Exact copies of the lines from the one holding "讲座伊始,周宏翔提出问题:怎" through the last line of the entries below are to be printed, with pictures omitted.

BEGIN INFORMATION SUPPLIED

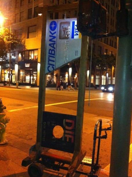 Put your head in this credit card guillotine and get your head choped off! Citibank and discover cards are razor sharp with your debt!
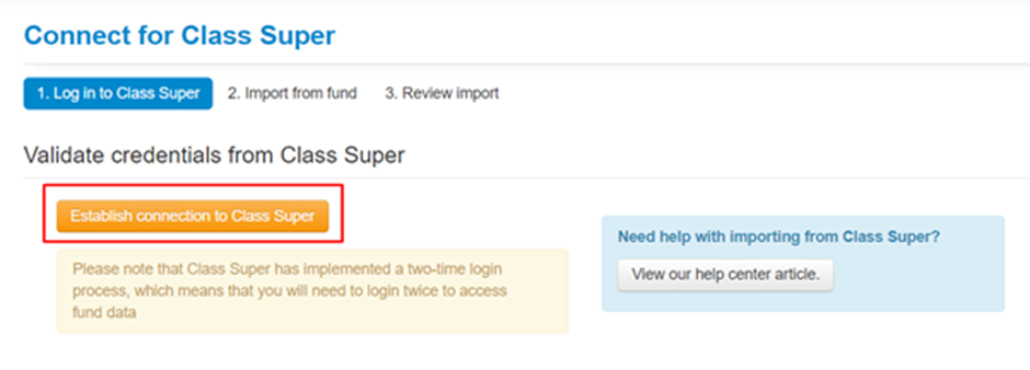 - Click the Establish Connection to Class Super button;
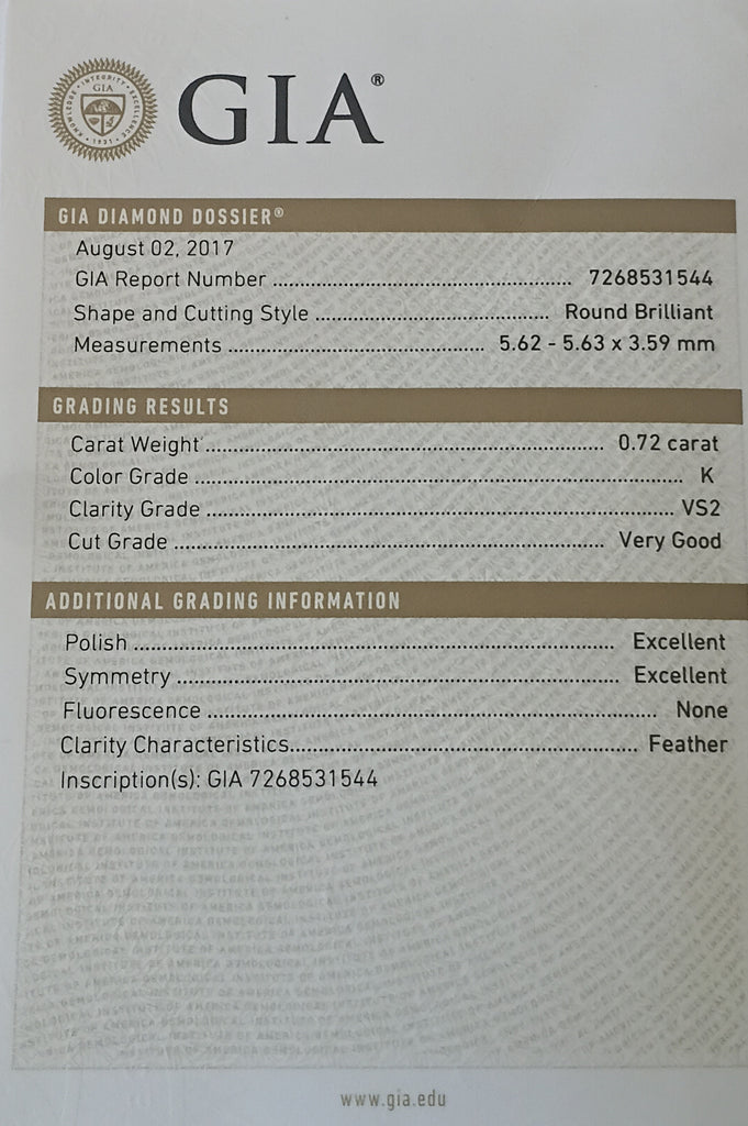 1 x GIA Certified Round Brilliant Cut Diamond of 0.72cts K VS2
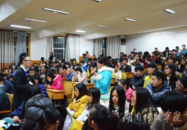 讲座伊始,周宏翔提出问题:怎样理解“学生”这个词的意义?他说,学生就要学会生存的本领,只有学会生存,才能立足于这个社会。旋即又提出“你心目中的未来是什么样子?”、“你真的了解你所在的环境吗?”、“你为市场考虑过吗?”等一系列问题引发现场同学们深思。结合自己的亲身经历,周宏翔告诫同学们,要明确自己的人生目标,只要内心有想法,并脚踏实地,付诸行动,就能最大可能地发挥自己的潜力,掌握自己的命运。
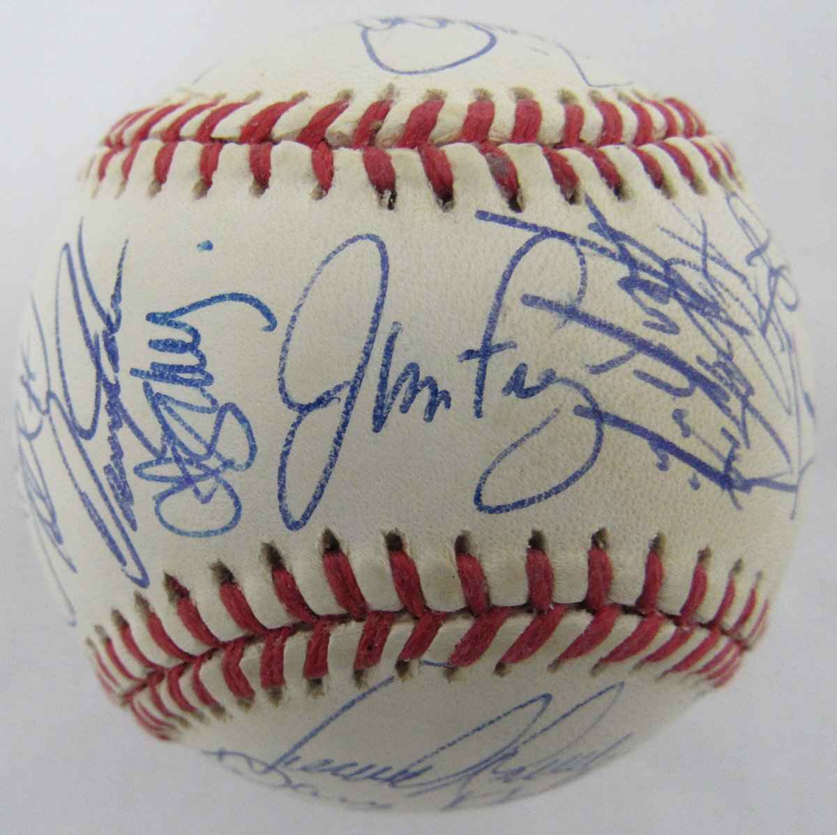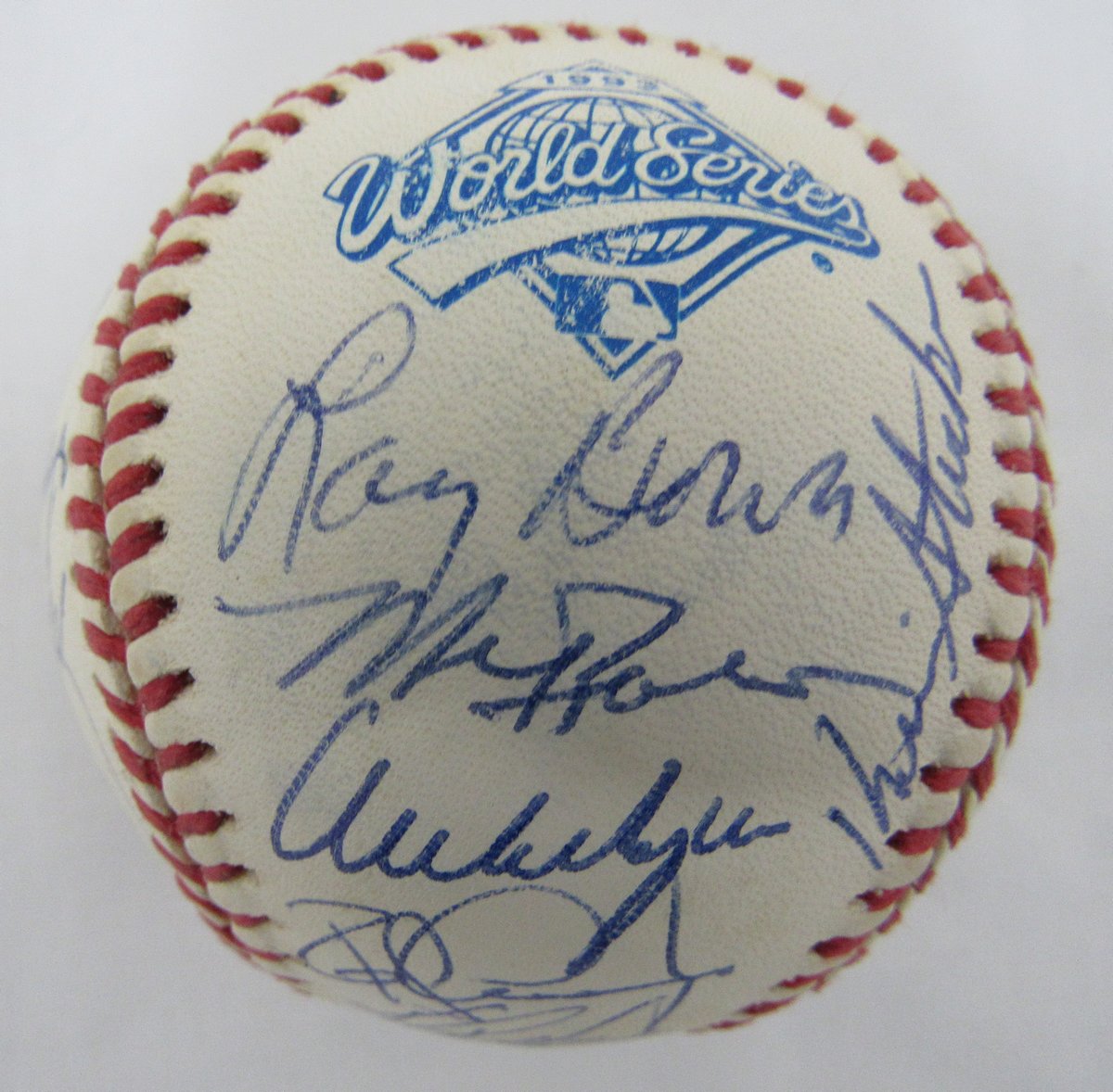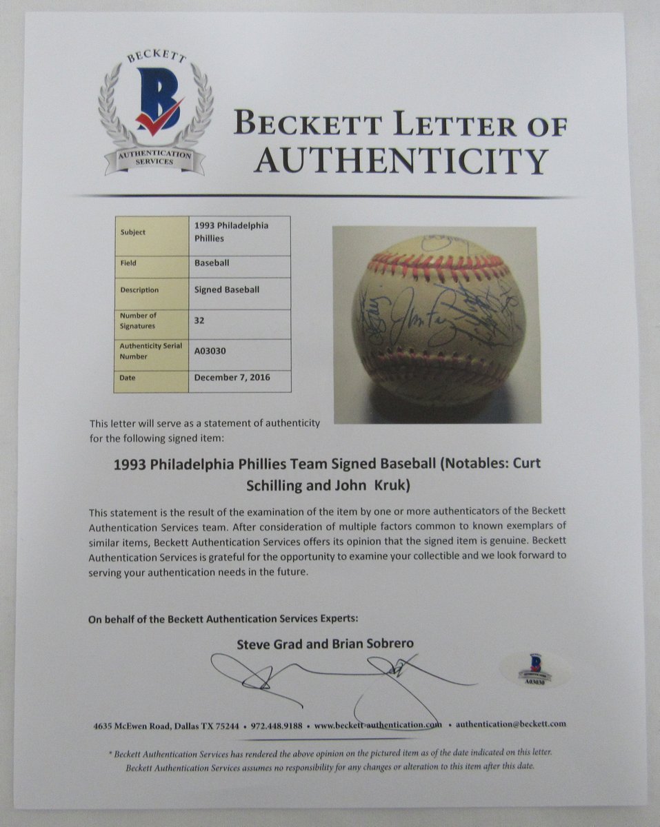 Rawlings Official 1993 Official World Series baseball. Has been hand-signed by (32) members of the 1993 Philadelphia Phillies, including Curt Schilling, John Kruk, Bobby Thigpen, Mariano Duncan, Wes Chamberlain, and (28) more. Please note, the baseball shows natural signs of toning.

END INFORMATION SUPPLIED

> **YOUR RESPONSE**
 讲座伊始,周宏翔提出问题:怎样理解“学生”这个词的意义?他说,学生就要学会生存的本领,只有学会生存,才能立足于这个社会。旋即又提出“你心目中的未来是什么样子?”、“你真的了解你所在的环境吗?”、“你为市场考虑过吗?”等一系列问题引发现场同学们深思。结合自己的亲身经历,周宏翔告诫同学们,要明确自己的人生目标,只要内心有想法,并脚踏实地,付诸行动,就能最大可能地发挥自己的潜力,掌握自己的命运。
 Rawlings Official 1993 Official World Series baseball. Has been hand-signed by (32) members of the 1993 Philadelphia Phillies, including Curt Schilling, John Kruk, Bobby Thigpen, Mariano Duncan, Wes Chamberlain, and (28) more. Please note, the baseball shows natural signs of toning.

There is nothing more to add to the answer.